## Task item
The copy must hold exactly the lines from the one with "Integrated USB-C cable." through the end of the listing below, and nothing else, with no pictures.

## Dataset content
|---|

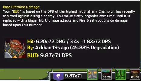 在窗口左上角,你可以看到当前金币数量、总金币获取加成以及每秒伤害计量器。经过最近的更新补丁后,现在有3种相关方式可以衡量你的编队当前输出的伤害量(其实际显示效果取决于你的设置)。 角色脚下的数字代表他们的实际伤害,即基础伤害乘以当前获得的 buff。这个数值变化很大,会随着 buff 条件的改变(例如有多少角色在攻击你的坦克等)而上下波动,换句话说,会受到 buff 动态变化的影响。 每秒伤害计量器有两个指标:基础每秒伤害和平均每秒伤害。基础每秒伤害是开发者对您在排除所有动态因素(如层数、承受攻击的英雄数量等)后的伤害估算值。它包含一个针对动态效果的轻微补偿系数。该数值会根据阵型位置、英雄等级和增益强度而变化。它最适用于查看调整英雄在阵型中的位置时伤害的增减情况,但可能无法真实反映英雄在特定时刻的实际伤害输出。 平均每秒伤害是第二个数值,它能更准确地体现阵型的有效性。其计算方式是将您之前的平均值(约占90%权重)与最新一次攻击伤害(约占10%权重)进行平均。作为实际伤害计算的结果,它会受到你的阵容动态变化的影响。作为伤害的平均值,这既有优点也有缺点:平均值使其对伤害的急剧峰值和降低更具抵抗力,但这种计算方法也意味着在调整阵容后,可能需要一分钟才能更新。 还有一个标签页会显示每个英雄造成的伤害百分比(通常一个英雄的伤害占比接近100%,其他英雄则负责 buff/坦克/治疗)。 基础终极技能伤害(BUD) 终极技能的伤害基于你的BUD,BUD是你的最高单次伤害除以攻击冷却时间的数值。更高的单次伤害会覆盖之前的BUD。在15秒未被覆盖后,它将开始快速衰减,直到被覆盖为止。本质上,更强的攻击会提高你的【BUD】,从而增加你的伤害。需要注意的是,减益效果在这方面特别有效,因为它们会增加敌人受到的攻击伤害,提高【BUD】,进而增加敌人受到的终极技能伤害。
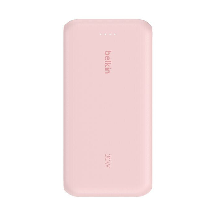 Integrated USB-C cable. PD 30W to fast charge your smartphones and tablets. 20K battery capacity provides 87 hours of playback for an iPhone 16 Pro. Charges three devices at the same time with up to 30W total output. LED shows battery status. Pass-through power allows for charging a device while the power bank recharges. Air travel friendly and TSA compliant. Charge up to 30W with our lightweight 20K§ power bank. Its integrated USB-C® cable design offers a convenient on-the-go fast charging experience without carrying a cable. A USB-C and USB-A port allows charging of a second and third device at the same time.. Design. LED indicators. Battery level. Protection features. Flame resistant, Overheating protection, Overload protection. Shape. Rectangle. Power bank & device charging at once. Yes. Charger compatibility. Universal. Product colour. Rose. Number of simultaneously connected devices (max). 3. Performance. USB Power Delivery up to. 30 W. Fast charging technology. Power Delivery. USB Power Delivery (USB PD). Yes. Fast charging. Yes. Battery capacity. 20000 mAh. Charging source. USB. Ports & interfaces. USB Type-C ports quantity. 1. USB Type-A output ports. 1. USB Type-C connector. Yes. Input interface. USB Type-C. Weight & dimensions. Cable length. 0.12 m. Height. 25.1 mm. Depth. 154 mm. Width. 76.2 mm
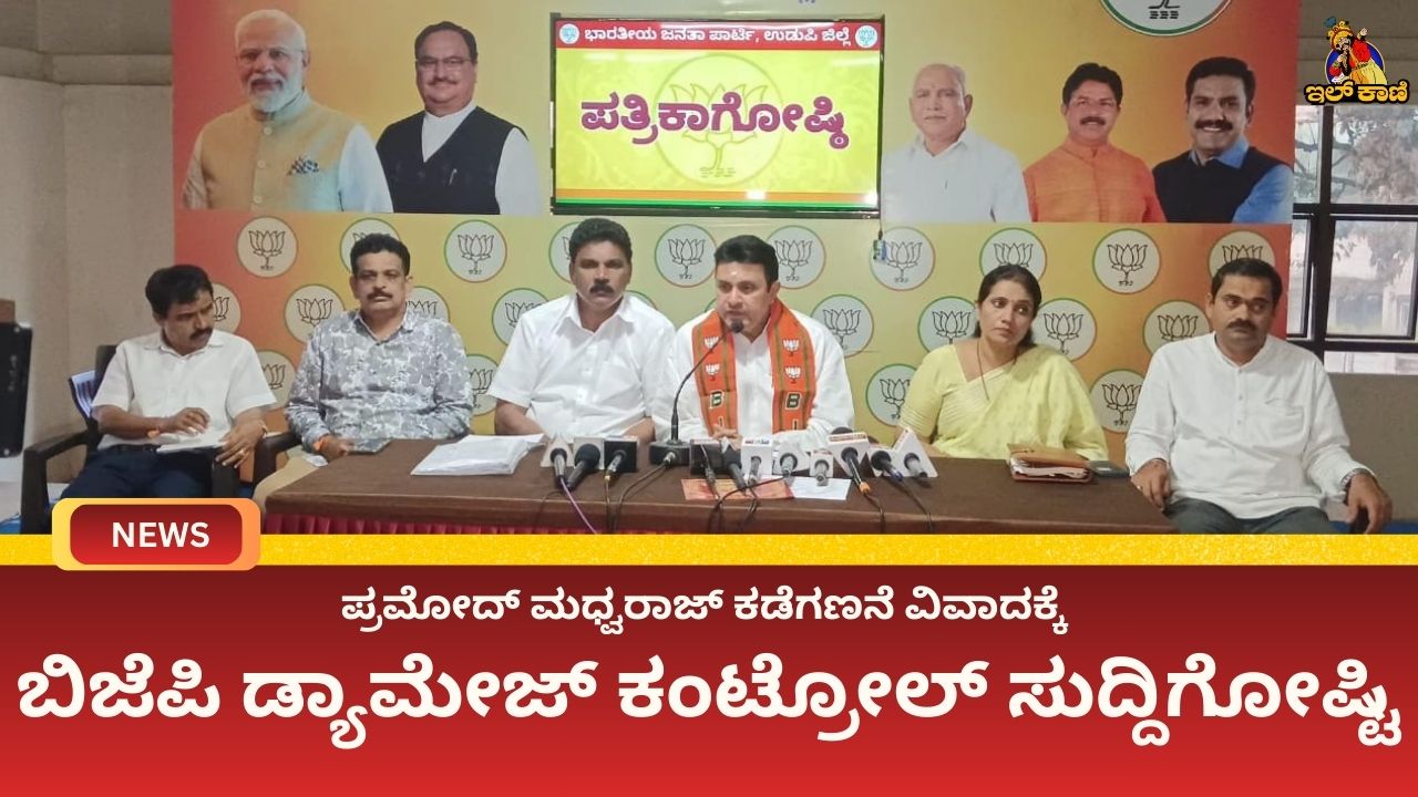 ಉಡುಪಿ: ಪ್ರಧಾನಿ ನರೇಂದ್ರ ಮೋದಿ ಅವರ ಉದ್ಘಾಟನಾ ಕಾರ್ಯಕ್ರಮದಲ್ಲಿ ಮಾಜಿ ಸಚಿವ ಹಾಗೂ ಕನಕನ ಕಿಂಡಿಗೆ ಸ್ವರ್ಣ ಕವಚ ದಾನ ಮಾಡಿದ ಪ್ರಮೋದ್ ಮಧ್ವರಾಜ್ ಅವರನ್ನು ಕಡೆಗಣಿಸಲಾಗಿದೆ ಎಂಬ ಆರೋಪದ ಹಿನ್ನೆಲೆಯಲ್ಲಿ ಜಿಲ್ಲೆಯಲ್ಲಿ ವ್ಯಾಪಕ ವಿರೋಧ ವ್ಯಕ್ತವಾಗುತ್ತಿದ್ದಂತೆ, ಬಿಜೆಪಿ ಡ್ಯಾಮೇಜ್ ಕಂಟ್ರೋಲ್ಗೆ ಮುಂದಾಗಿದೆ. ಈ ಹಿನ್ನೆಲೆಯಲ್ಲಿ ಇಂದು ಬಿಜೆಪಿ ನಾಯಕರು ಪ್ರಮೋದ್ ಮಧ್ವರಾಜ್ ಅವರೊಡನೆ ಜಂಟಿ ಸುದ್ದಿಗೋಷ್ಠಿ ನಡೆಸಿ ತನ್ನ ನಿಲುವನ್ನು ಸ್ಪಷ್ಟಪಡಿಸಿದರು.

|---|

## Output below
 Integrated USB-C cable. PD 30W to fast charge your smartphones and tablets. 20K battery capacity provides 87 hours of playback for an iPhone 16 Pro. Charges three devices at the same time with up to 30W total output. LED shows battery status. Pass-through power allows for charging a device while the power bank recharges. Air travel friendly and TSA compliant. Charge up to 30W with our lightweight 20K§ power bank. Its integrated USB-C® cable design offers a convenient on-the-go fast charging experience without carrying a cable. A USB-C and USB-A port allows charging of a second and third device at the same time.. Design. LED indicators. Battery level. Protection features. Flame resistant, Overheating protection, Overload protection. Shape. Rectangle. Power bank & device charging at once. Yes. Charger compatibility. Universal. Product colour. Rose. Number of simultaneously connected devices (max). 3. Performance. USB Power Delivery up to. 30 W. Fast charging technology. Power Delivery. USB Power Delivery (USB PD). Yes. Fast charging. Yes. Battery capacity. 20000 mAh. Charging source. USB. Ports & interfaces. USB Type-C ports quantity. 1. USB Type-A output ports. 1. USB Type-C connector. Yes. Input interface. USB Type-C. Weight & dimensions. Cable length. 0.12 m. Height. 25.1 mm. Depth. 154 mm. Width. 76.2 mm
 ಉಡುಪಿ: ಪ್ರಧಾನಿ ನರೇಂದ್ರ ಮೋದಿ ಅವರ ಉದ್ಘಾಟನಾ ಕಾರ್ಯಕ್ರಮದಲ್ಲಿ ಮಾಜಿ ಸಚಿವ ಹಾಗೂ ಕನಕನ ಕಿಂಡಿಗೆ ಸ್ವರ್ಣ ಕವಚ ದಾನ ಮಾಡಿದ ಪ್ರಮೋದ್ ಮಧ್ವರಾಜ್ ಅವರನ್ನು ಕಡೆಗಣಿಸಲಾಗಿದೆ ಎಂಬ ಆರೋಪದ ಹಿನ್ನೆಲೆಯಲ್ಲಿ ಜಿಲ್ಲೆಯಲ್ಲಿ ವ್ಯಾಪಕ ವಿರೋಧ ವ್ಯಕ್ತವಾಗುತ್ತಿದ್ದಂತೆ, ಬಿಜೆಪಿ ಡ್ಯಾಮೇಜ್ ಕಂಟ್ರೋಲ್ಗೆ ಮುಂದಾಗಿದೆ. ಈ ಹಿನ್ನೆಲೆಯಲ್ಲಿ ಇಂದು ಬಿಜೆಪಿ ನಾಯಕರು ಪ್ರಮೋದ್ ಮಧ್ವರಾಜ್ ಅವರೊಡನೆ ಜಂಟಿ ಸುದ್ದಿಗೋಷ್ಠಿ ನಡೆಸಿ ತನ್ನ ನಿಲುವನ್ನು ಸ್ಪಷ್ಟಪಡಿಸಿದರು.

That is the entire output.